Так вот, сидели мы: четверо несчастных и одиноких вдовца, прислушиваясь к завываниям ветра. Однако, в этот вечер, по обыкновению, мы оказались в кафе не одни. В противоположном конце зала, за небольшим столиком на две персоны, сидел неприметный молодой человек. Одет он был скромно:  тёмный серый свитер под горло, да чёрные брюки. На носу, чуть приспущено и даже немного нелепо свисали круглые очки.  Молодой человек делал, какие-то записи в своём блокноте, то и дело отвлекаясь на чашечку кофе и сигарету.  Иногда он постукивал себя по лбу кончиком карандаша и в то же миг, будто вспоминая о чём-то, делал новые пометки. Наблюдать за ним было интересно и даже забавно.
- Кто этот человек? - Спросил я у бармена.
- Некий, писака, из Бангора, - ответил бармен, - мы успели перекинуться парой слов, когда он делал заказ. Его зовут Марти Тремор, и он пишет для газеты всякие статьи. Жизненные истории или что-то подобное.
Надо добавить, что наличие нового лица в наших местах, событие весьма радостное, особенно для таких стариков, ведь новые знакомства, это всегда способ узнать, что-то интересное. Большие города хороши своей переполненностью событиями и историями, а маленькие местечки, вроде нашего Айленда Фолса, способны, что порадовать тебя застарелой сплетней, да и только. Тем более, если прожил в этой местности уже семьдесят два года и твоя жизнь сводится к приёму таблеток по расписанию да прогулкам в парке.  А уж после того, как наш дорогой друг, произнёс, что мы имеем дело не с рядовым коммивояжером или банковским клерком, а с сотрудником газеты, журналистом, тут наш интерес к нему и желание завести беседу, превзошли все границы. Эд медленно повернулся в сторону молодого человека и окликнул его:
- Сэр, не изволите ли присоединиться к компании четырёх старых оболтусов?

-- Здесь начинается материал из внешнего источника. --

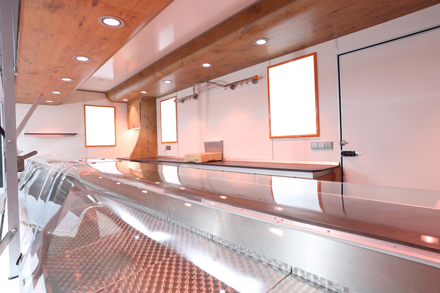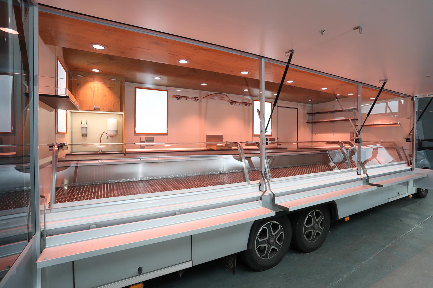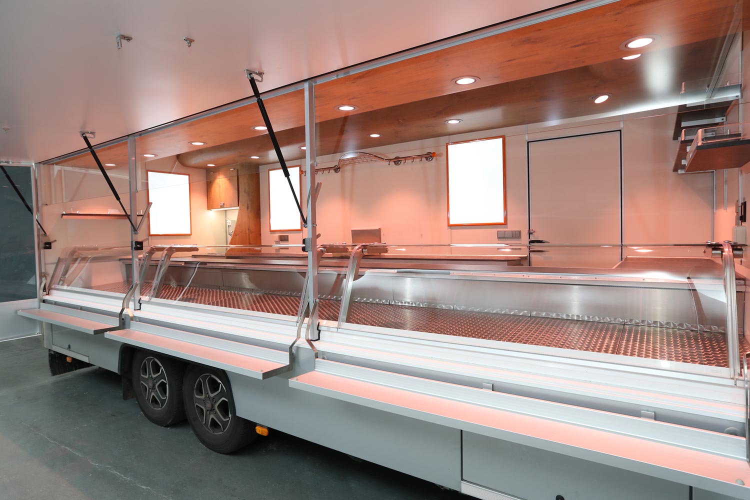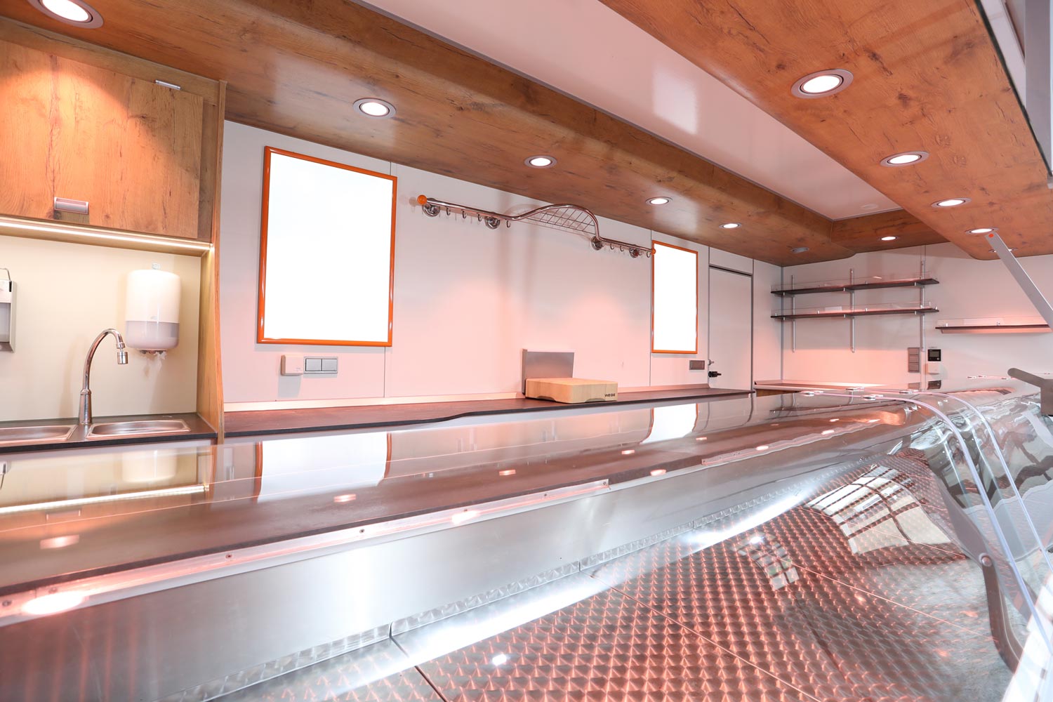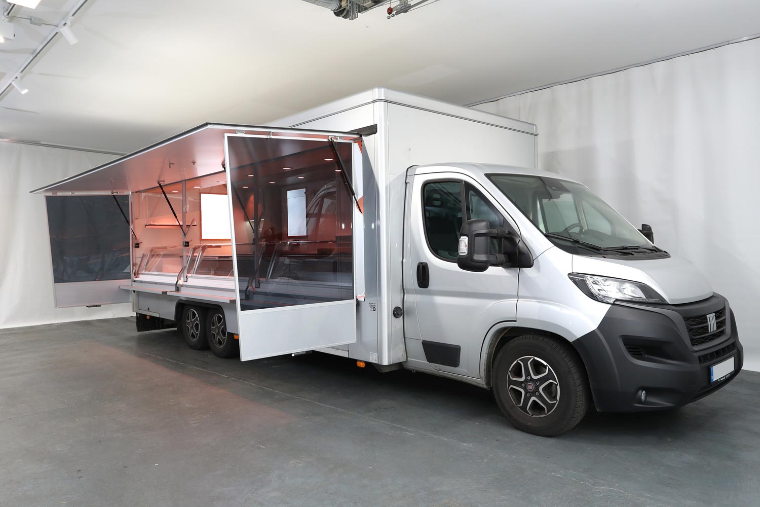 Jahreswagen - Sehr gepflegtes Wochenmarkt-Verkaufsmobil mit verstärkter Kühlleistung und Panorama-Kühltheke, viel Vorratskühlung, LED-Beleuchtung und Gasheizung. Metalliclackierung, FIAT mit Sonderausstattung uvm.

Журналист на секунду поднял глаза на нас, затем поправил очки и любезно отозвался:
- Благодарю Вас господа, но я боюсь помешать вашей беседе.
- Да что Вы, несколько не помешаете! Тем более, что если вы не присоединитесь, то  нам опять весь вечер придётся слушать рассказы Чака про его суставы и как в пятидесятые он проиграл бьюик, парню из Канзас-Сити. – Дружелюбно постарался переубедить его я.
- Да, мы с радостью угостим Вас выпивкой и расскажем пару интересных баек, идёмте! – настойчиво басил Бобби.
Молодой человек, немного смутился, такой нашей настойчивости, но всё же видимо желание услышать пару древних как мир историй, взяло вверх. Он сгрёб в охапку со стола, блокнот и пачку сигарет и пересел к нам. Стало немного тесновато, но мы не обращали на это внимания, ведь теперь у нас был новый собеседник, а значит и разговоры про ломоту в суставах и цены на похоронные услуги в этот вечер обойдут нас стороной. Нам принесли ещё порцию выпивки и чистую пепельницу. Молодой человек представился, и мы выпили за знакомство, а затем закурили.  Я и Чак достали свои трубки и начали медленно и степенно раскуривать их, мысленно уже готовясь к хорошей истории. Странно подумать, но трубку начинаешь понимать и ценить ближе к старости. По крайней мере, я начал отдавать предпочтение трубке, нежели сигаретам после пятидесяти. Мой отец напротив же, всегда курил трубку, сколько я себя помню, а мне всегда казалось это старомодным и несуразным.  Вообще, курить я начал  с двадцати лет, еще будучи студентом. Кто-то, может быть, заметит, что врач, да ещё и в таком, весьма солидном возрасте, не имеет права на столь пагубное занятие. Отнюдь, сама моя профессия и, видимо вновь воля случая, подтолкнули меня к этому. После долгих, бессонных ночей, проведённых над изучением материала, только чашечка крепкого кофе и  сигарета, могли пробудить во мне хоть какие-то силы. Уже позже, когда я вернулся в родной Мэн и начал свою частную практику, я повидал многих людей, по разному страдающих от этой глупой привычки, но завязать с ней уже не сумел.
- Итак, молодой человек, вы работаете в газете в Бангоре, верно? – стал расспрашивать его Эд.
- Да, все верно. Я пишу в рубрику, рассказывающую разные интересные человеческие истории. – Отвечал Марти.
- И что, много ли историй из них совершенно необычны? -  поинтересовался Бобби, с присущей ему дотошностью.
- Ну, есть и совершенно заурядные, так скажем ни чего удивительного, но некоторые из них весьма увлекательны. Я езжу по всему штату в поисках материала, но не всегда, получается, найти, что-то действительно стоящее. Чаще всего, это обычная история, какого нибудь бедолаги, попавшего  в неприятную ситуацию. Но бывает и так, что одна из набожных тётушек хлебнёт лишнего и начинает кричать на всю округу, что сам господь являлся к ней. Такое бывает весьма забавно, знаете ли. – Он усмехнулся.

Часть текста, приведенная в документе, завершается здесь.